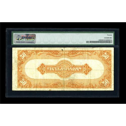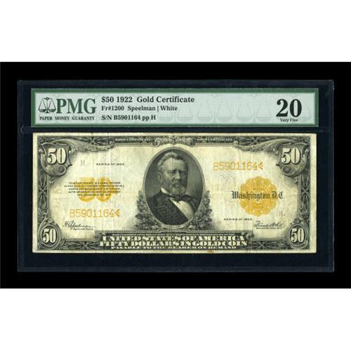 <B>Fr. 1200 $50 1922 Gold Certificate PMG Very Fine 20.</B></I> <BR> A couple of small spots are found on the back on this colorful note. Still a majestic $50 Gold note.<BR><BR><b>Shipping:</b> Coins & Currency (<a target="_blank" href="http://www.heritageauctions.com/common/shipping.php">view shipping information</a>)
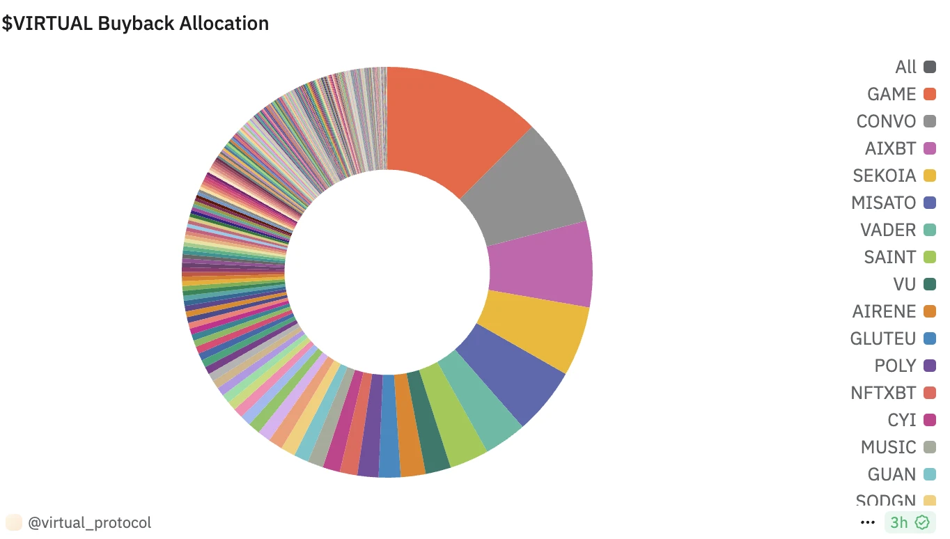 而在近期,Virtuals Protocol 也也频传利好消息。1 月 15 日,Virtuals Protocol 宣布更新价值累积机制,以更好地支持 Virtuals 生态系统建设者。该协议表示,自 2024 年 10 月 16 日以来,其已通过 post bonding 交易收入累计获得 12990427.85 枚 VIRTUAL(价值约 4000 万美元)。这将用于通过 30 天的时间加权平均价格(TWAP)回购并销毁相应的代理代币。其中, 30% 分配给代理创建者, 20% 分给代理关联方, 50% 给代理子 DAO,用于未来的治理决策。创作者的奖励将直接发送到代理部署者钱包。此外,Virtuals 还将引入代理合作伙伴机制,以协调交易平台/界面(例如 TG 机器人)与 Virtuals 生态系统之间的激励。当这些平台成为代理合作伙伴时,它们将获得其促成交易中 20% 的 Post-bonding 交易税——这些资金可用于奖励其社区或其他倡议。
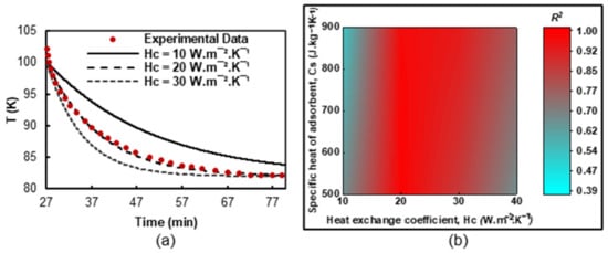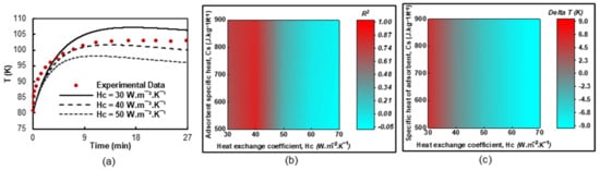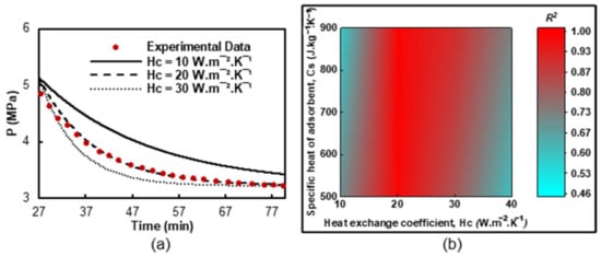 S (m2) is the wall surface area of the tank, Ta (K) is the temperature of the surroundings and T (K) is the temperature of the system. (J·s−1) is the rate of adsorption heat, which represents the flux of heat released when adsorption takes place or the flux of heat adsorbed when desorption occurs. To determine the isosteric heat of adsorption, Qa (J·mol−1), the Clausius–Clapeyron equation (Equation (43)) is applied to the isotherm model (Equation (22)).
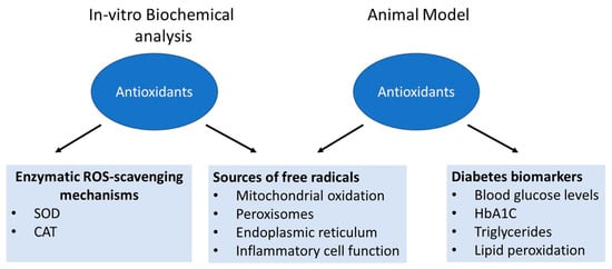 Many plants that possess phenolic compounds are found to have an important protective role in scavenging free radicals during oxidative stress [122]. These studies assess the antioxidant properties of polyphenolic compounds in both in vitro and in vivo models for studying diabetes, as summarized in Figure 4. Here, we provide a brief review of the most frequently used antioxidants to assess their beneficial pharmacological effects on the animal body and humans.
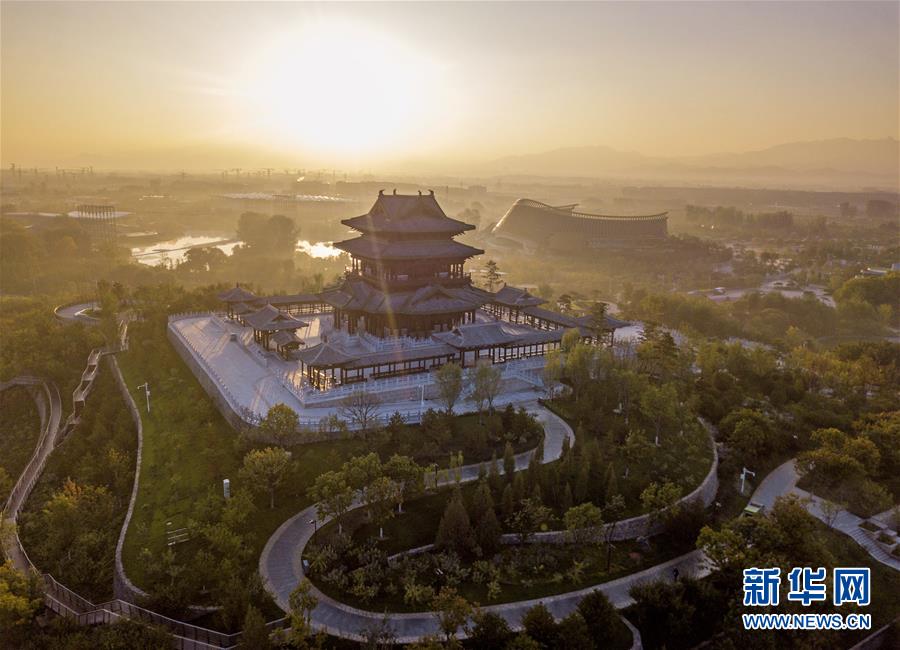 北京世園會(huì)園區(qū)內(nèi)的永寧閣(10月7日無(wú)人機(jī)拍攝)。新華社記者才揚(yáng)攝
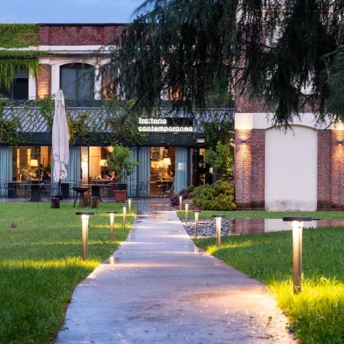Dans une ancienne filature reconvertie aux lignes industrielles épurées, le chef Davide Marzullo orchestre une cuisine étoilée aux accents résolument contemporains. Son risotto signature au lait de chèvre, câpres, réglisse et soja illustre une approche sans frontières, tandis que le menu végétarien Istinto révèle une maîtrise technique comparable. Une halte gastronomique précieuse aux portes du lac de Côme.
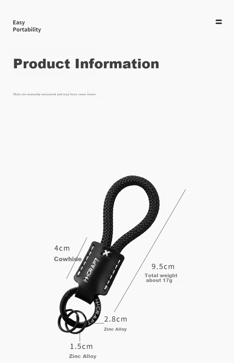 Dimensions: 4cm (cowhide), 9.5cm (total length), 17g (total weight), 2.8cm (zinc alloy), 1.5cm (zinc alloy)
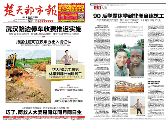 4月18日,《楚天都市报》以“90后学霸休学到非洲当建筑工”为题,头版深度报道了澳门中特网
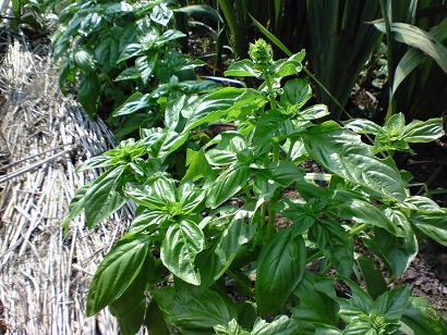 7/9にバジルの苗を買って母親と植えました。虫さんに好かれて育ちが悪かったけど↓こんなに大きく育ちました。母親が枯れないように毎日お水をあげてくれたおかげです。バジルの収穫。トマトサラダで食べました。新鮮なバジルは香りが強いので苦味もあります。お店っぽくカプレーゼやジェノヴェーゼソース作りたいです。お菓子の上の飾りのミントに似ています。和名のハッカが似合うミント。ハッカの花はシジミチョウ、セセリチョウが好きみたいです。ヤマトシジミハーブはどんどん増えるし香りがイイです。先日お邪魔したノブコ邸の庭にも沢山のハーブをプランターで育てていました。グリーンの庭もイイな~と。お花も咲くけどさ(^^)
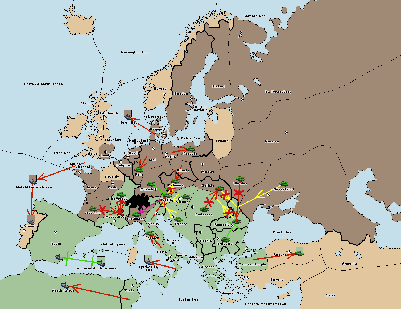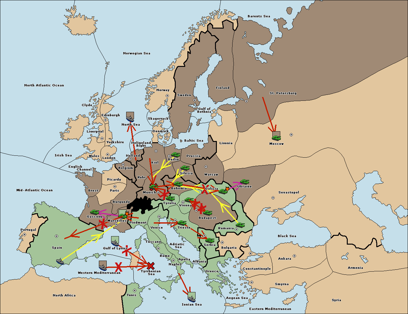 The fleet at Spain (South Coast) support move to Marseilles from Piedmont.
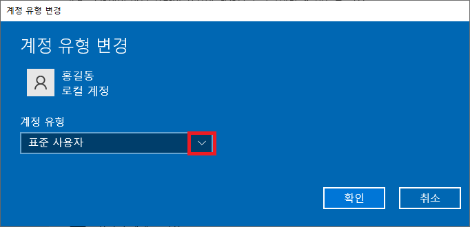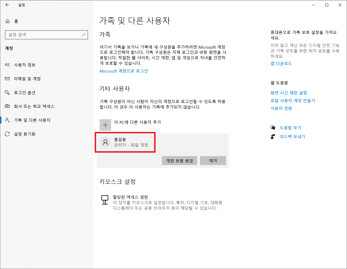저는 홍길동 계정을 표준 사용자에서 관리자로 변경하였습니다.
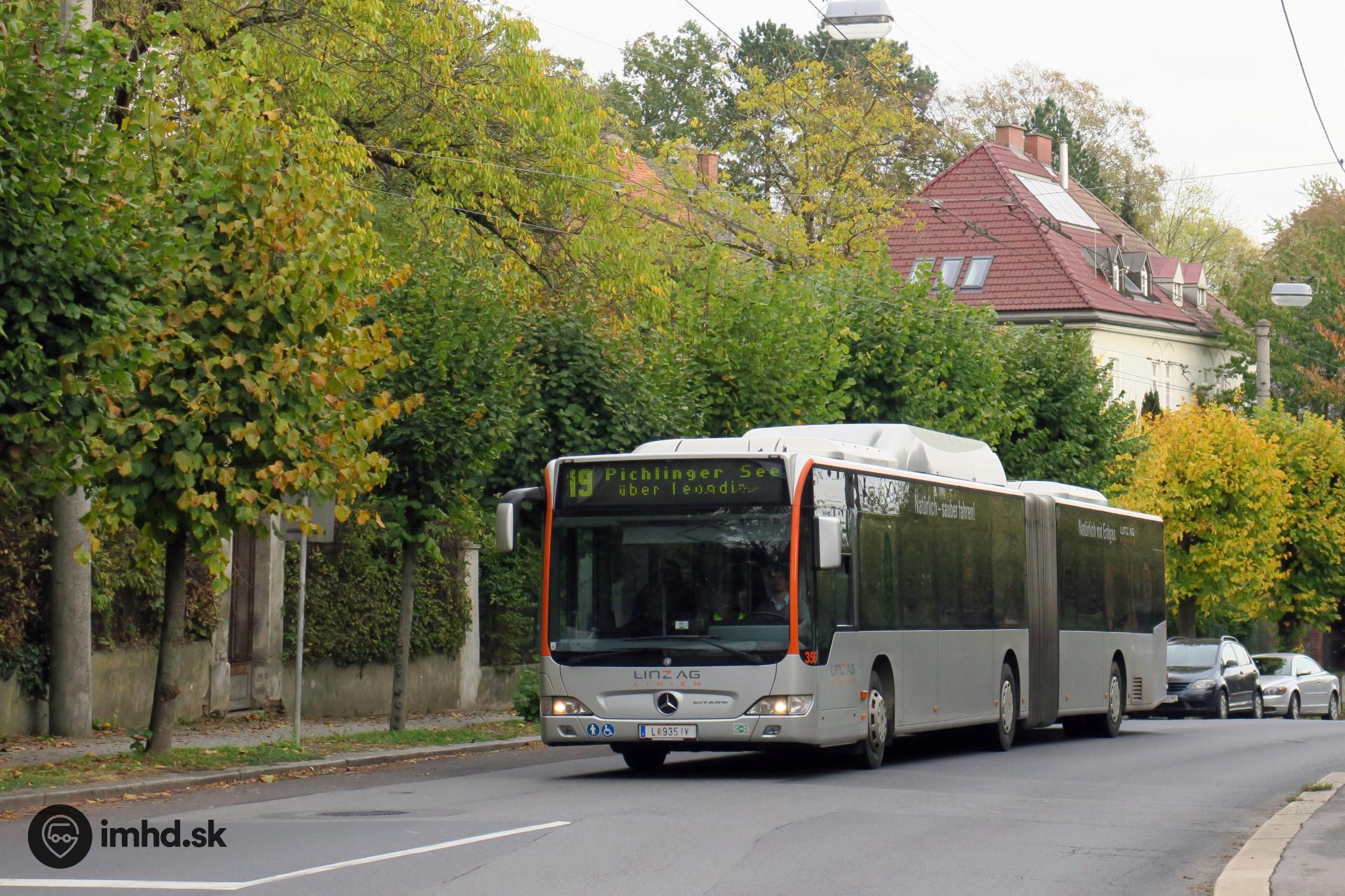 Mercedes-Benz Citaro II G CNG #356 prechádza predmestím Linzu Froschberg, plným zelene.
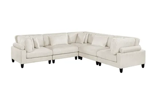 Transform your living room with the Artem Beige 5-Piece Modular Sectional. This versatile sectional includes two armless chairs and three corner units, allowing you to customize your seating arrangement to fit any space. Upholstered in durable 100% polyester, this sectional is built to last and offers comfort for everyday use.
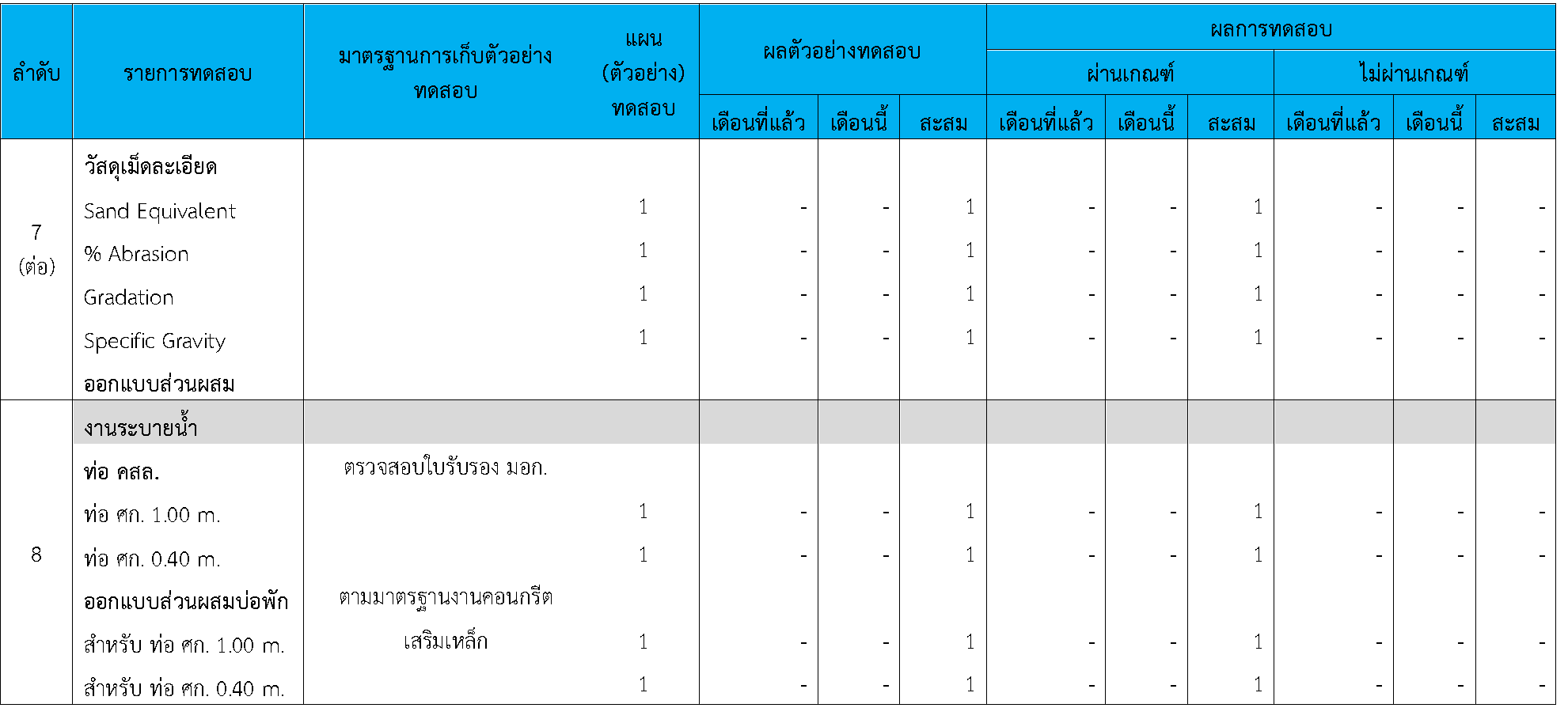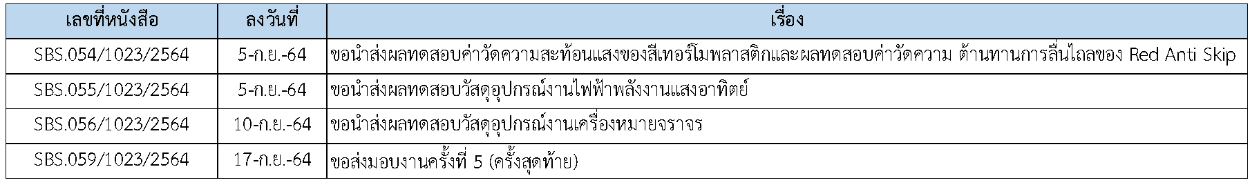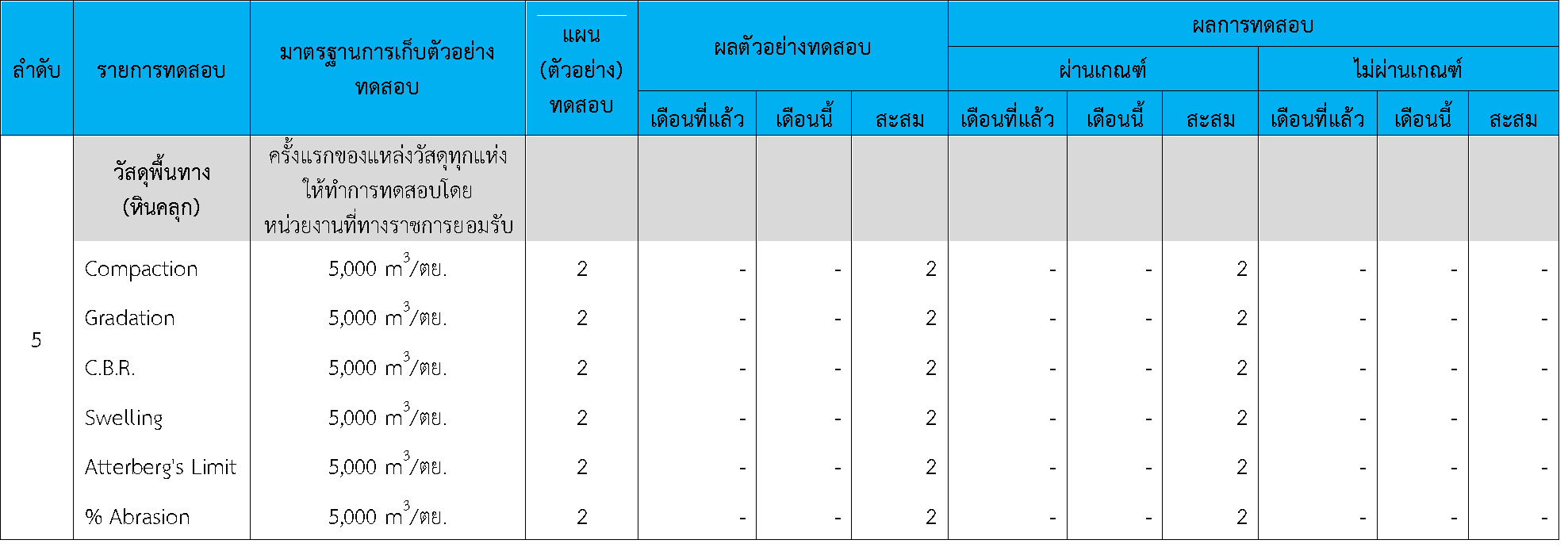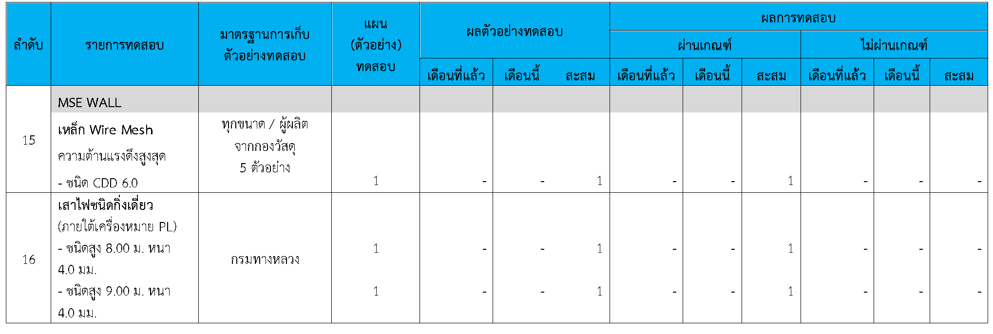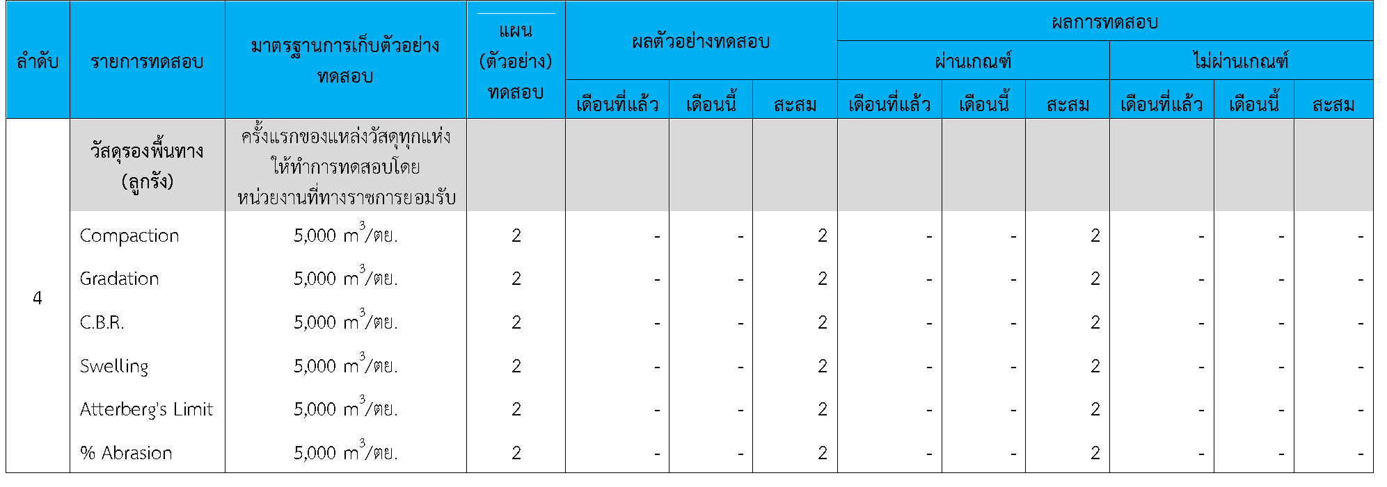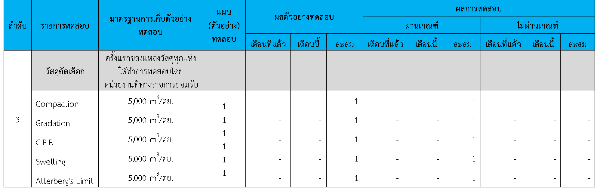 ในระหว่างวันที่ 1-30 กันยายน 2564 ผู้ว่าจ้างได้เสนอหนังสือขออนุมัติใช้วัสดุถึงที่ปรึกษา โดยที่ปรึกษาได้ตรวจสอบวัสดุดังกล่าวมีผลทดสอบดังตาราง
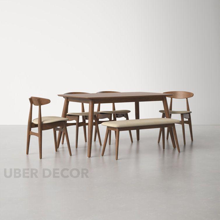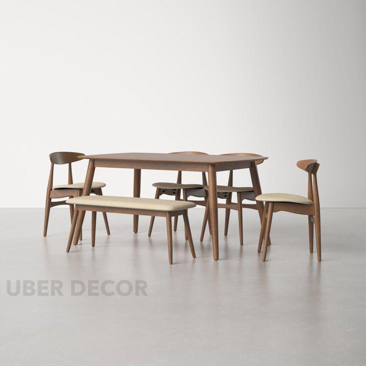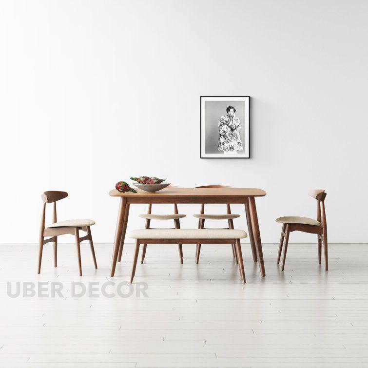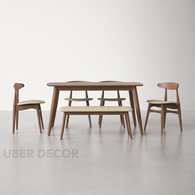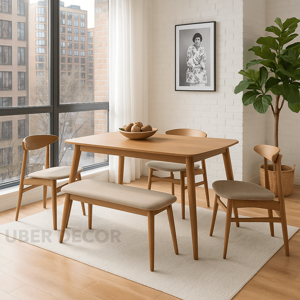 Oakline Minimalist Mid-Century Modern Wooden Dining Table Set with Chairs and Bench for Kitchen Dining Area

> [What you will do] Each line from the one that holds "ในระหว่างวันที่ 1-30 กันยายน" through the final line of the data must be retyped exactly; the pictures must not appear.

> [Answer space]
 ในระหว่างวันที่ 1-30 กันยายน 2564 ผู้ว่าจ้างได้เสนอหนังสือขออนุมัติใช้วัสดุถึงที่ปรึกษา โดยที่ปรึกษาได้ตรวจสอบวัสดุดังกล่าวมีผลทดสอบดังตาราง
 Oakline Minimalist Mid-Century Modern Wooden Dining Table Set with Chairs and Bench for Kitchen Dining Area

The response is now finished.